A crucial part of information about a biological specimen is its identification, i.e. the assignment to an existing taxonomic classification. The identifications field of a specimen can contain one or more species identifications. Multiple identifications are possible if for instance a specimen has been re-identified e.g. using a new identification key or DNA barcoding. Also concretions containing multiple fossils species will have multiple identifications. To indicate that one identification is more reliable than the others, one identification of a specimen can have the identification.preferred flag set to true. Identifications usually store taxonomic rank, the scientific (identifications.scientificName) name and higher-level classifications (identifications.defaultClassification) of the specimen. Also the person who identified the specimen, date and references to scientific publications, type status and vernacular (common) taxon names are stored in the identifications block.

Furthermore, the

https://api.biodiversitydata.nl/v2/specimen/metadata/queryWithNameResolution

service allows for searching for specimens by names other than the assigned taxonomic classification(s). The service accepts queries with a nameResolutionRequest clause, which triggers a sub-query for synonyms and/or vernacular names in the Catalogue of Life and the Dutch Species Register. From the resulting records, scientific names are extracted, which are subsequently used for the main specimen search. Example: The common vampire bat was previously classified as Phyllostoma rotundum but now the accepted scientific name is Desmodus rotondus. If we search for the previous name:

{
  "conditions": [
    {
      "field": "identifications.scientificName.fullScientificName",
      "operator": "MATCHES",
      "value": "Phyllostoma rotundum"
    }
  ],
  "fields": [
    "identifications.scientificName.fullScientificName"
  ],
  "size": 1000
}

We won’t find any specimens of the vampire bat. If we, however, include a nameResolutionRequest-clause, the search will include synonyms into the search as well, using

https://api.biodiversitydata.nl/v2/specimen/metadata/queryWithNameResolution

:

{
    "conditions": [ ],
    "nameResolutionRequest": {
        "searchString": "Phyllostoma rotundum",
        "nameTypes": [
            "ACCEPTED_NAME",
            "SYNONYM"
        ],
        "searchType": "STARTS_WITH",
        "useCoL": false,
        "fuzzyMatching": false,
        "from": 0,
        "size": 100
    }
}

We will have multiple vampire bat specimen in the results.
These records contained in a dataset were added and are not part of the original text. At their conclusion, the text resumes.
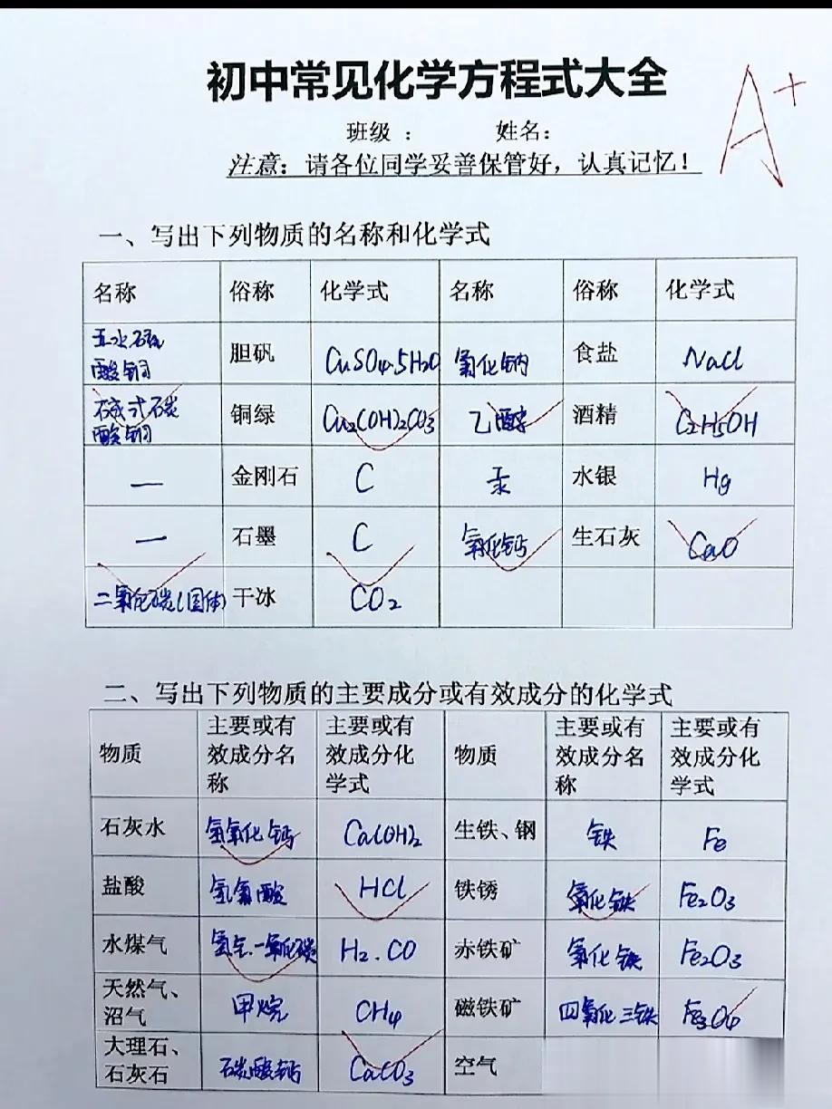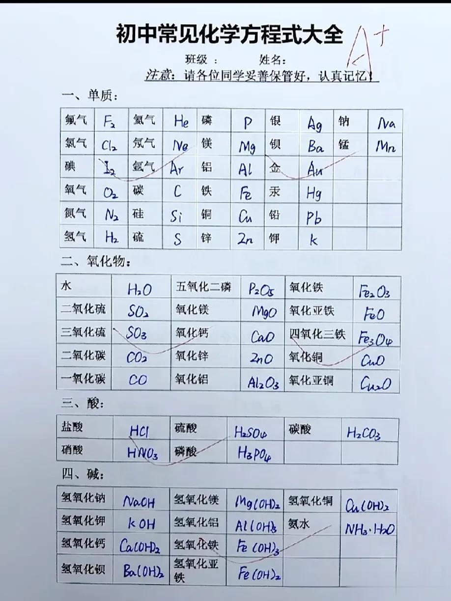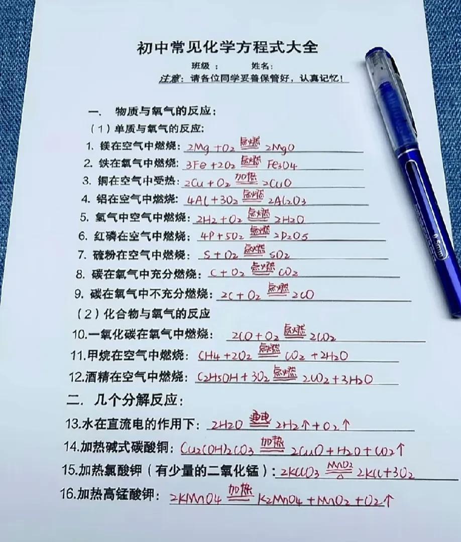 不愧是金牌教师,竟然将化学知识点编成表,难怪全班次次拿di一,什么化学式大全、化学顺口溜、实验现象等等,这是我见过整理最全的,家有初中生的,背下涨分20+! 化学方程式专项训练
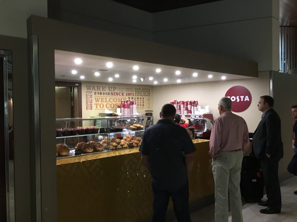 Was ich besonders bei den morgendlichen Abflügen gerne wahrnehme, ist der Stand von Costa Kaffee in der Lounge. Hier sind alle Produkte von Costa erhältlich und für die Lounge Gäste kostenlos. Man sollte sich nicht davon irritieren lassen, dass jede Bestellung in die Kasse eingegeben wird. Das Angebot ist kostenlos und man kann sich auch kurz vor verlassen der Lounge einen To Go Kaffee bestellen.
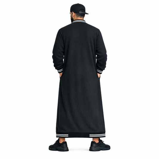 Donchie Men's Black Bomber Jubbah Thobe Cotton Fleece
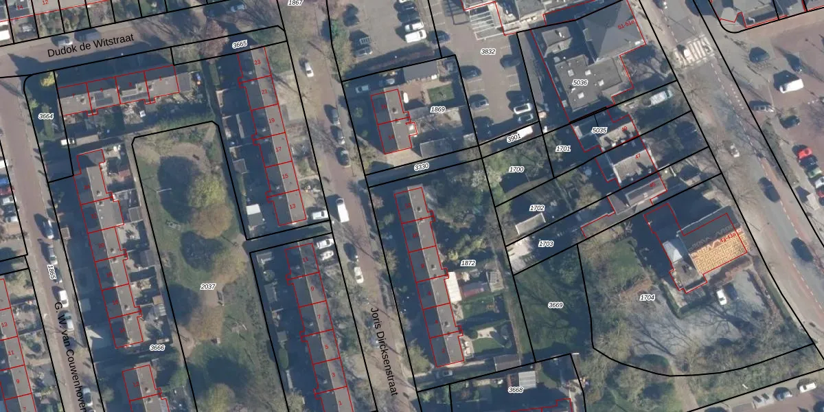 Het perceel waarop Joris Dircksenstraat 12 staat heeft een oppervlakte van 1500 m². Dit is een zeer groot perceel. De perceeloppervlakte wordt geregistreerd door het Kadaster. Gedetailleerde informatie over de maten van dit perceel kunt u vinden in het rapport Kadastrale kaart met maatvoering van Joris Dircksenstraat 12.
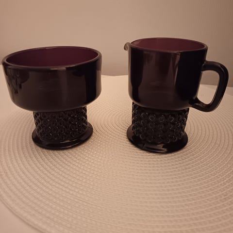 Vuosikymmeniä vanhat, mutta kuin uudet kermakko ja sokerikko. Erittäin ohutta sinista lasia. Kermakko 9cm, sokerikko 7,5cm korkeat. Mukana ehjä alkuperäinen pakkaus. Valmistettu joskus 60-70-luvulla.
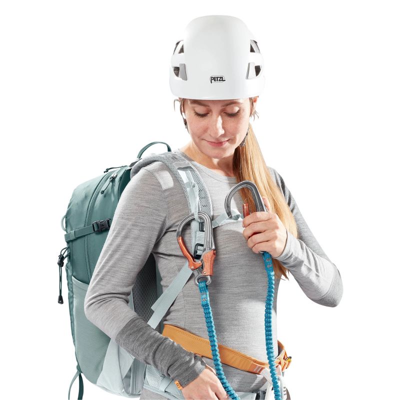 Der Rucksack hat ein Fassungsvermögen von 23 Litern (50 x 25 x 19 cm) und wiegt ca. 970 g. Hergestellt aus recycelten 600D- und 210D-Materialien, bluesign®-zertifiziert, PFAS-frei und DWR-behandelt. Das Airstripes-System mit perforierten Schultergurten und Hüftgurten sorgt für hervorragende Belüftung und gleichmäßige Gewichtsverteilung. Der Delrin®-U-Rahmen garantiert Stabilität ohne Übergewicht. Auf die weibliche Form zugeschnittene Active Fit-Gurte, ein verstellbarer Brustgurt und Schlaufen für Eispickel und Stöcke. Zur weiteren Ausstattung gehören eine eingenähte Neoprentasche, eine Regenhülle, Innentaschen (für Schlüssel und Wertsachen), elastische Seiten- und Fronttaschen, Kompressionsriemen und ein SOS-Label. Kompatibel mit einem 3-Liter-Trinksystem, empfohlene Belastung: 4–7 kg, für Benutzer mit einer Körpergröße von 158–178 cm und einer Rückenlänge von 38–48 cm.
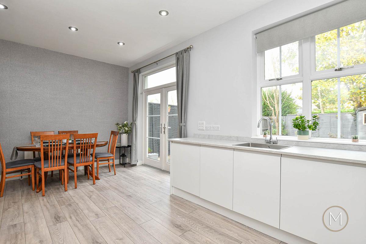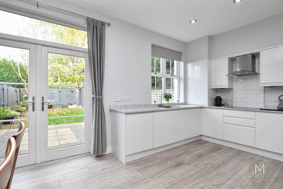 Glazed French-style doors open through to the show-stopping kitchen and dining area a sleek, modern space that has been recently upgraded by the current owner. The kitchen includes a wide range of integrated appliances, ample workspace, and a design that blends practicality with style. The adjoining dining area benefits from glazed double doors leading to the private rear garden, while a convenient downstairs W.C. completes the ground floor.
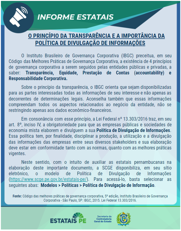 - Informe Estatais nº 001_2023 – O Princípio da Transparência e a Importância da Política de Divulgação de Informações

Please note: by setting the parameter useCoL to true, the service tries to look up the name specified by searchString using an external service of the Catalogue of Life. Currently, this only works for the name types ACCEPTED_NAME and SYNONYM. Trying to resolve a name of type VERNACULAR_NAME will cause an error when useCoL is set to true. However, when useCoL is false, the service will access the internal taxon index to look up the specified name , which supports all three name types, including VERNACULAR_NAME.

Multimedia

A specimen record can link to one or more multimedia items. Multimedia information is stored in the multimedia data type. Additionally, links to the associated multimedia records are also stored within specimens, in the fields associatedMultiMediaUris.accessUri and associatedMultiMediaUris.format.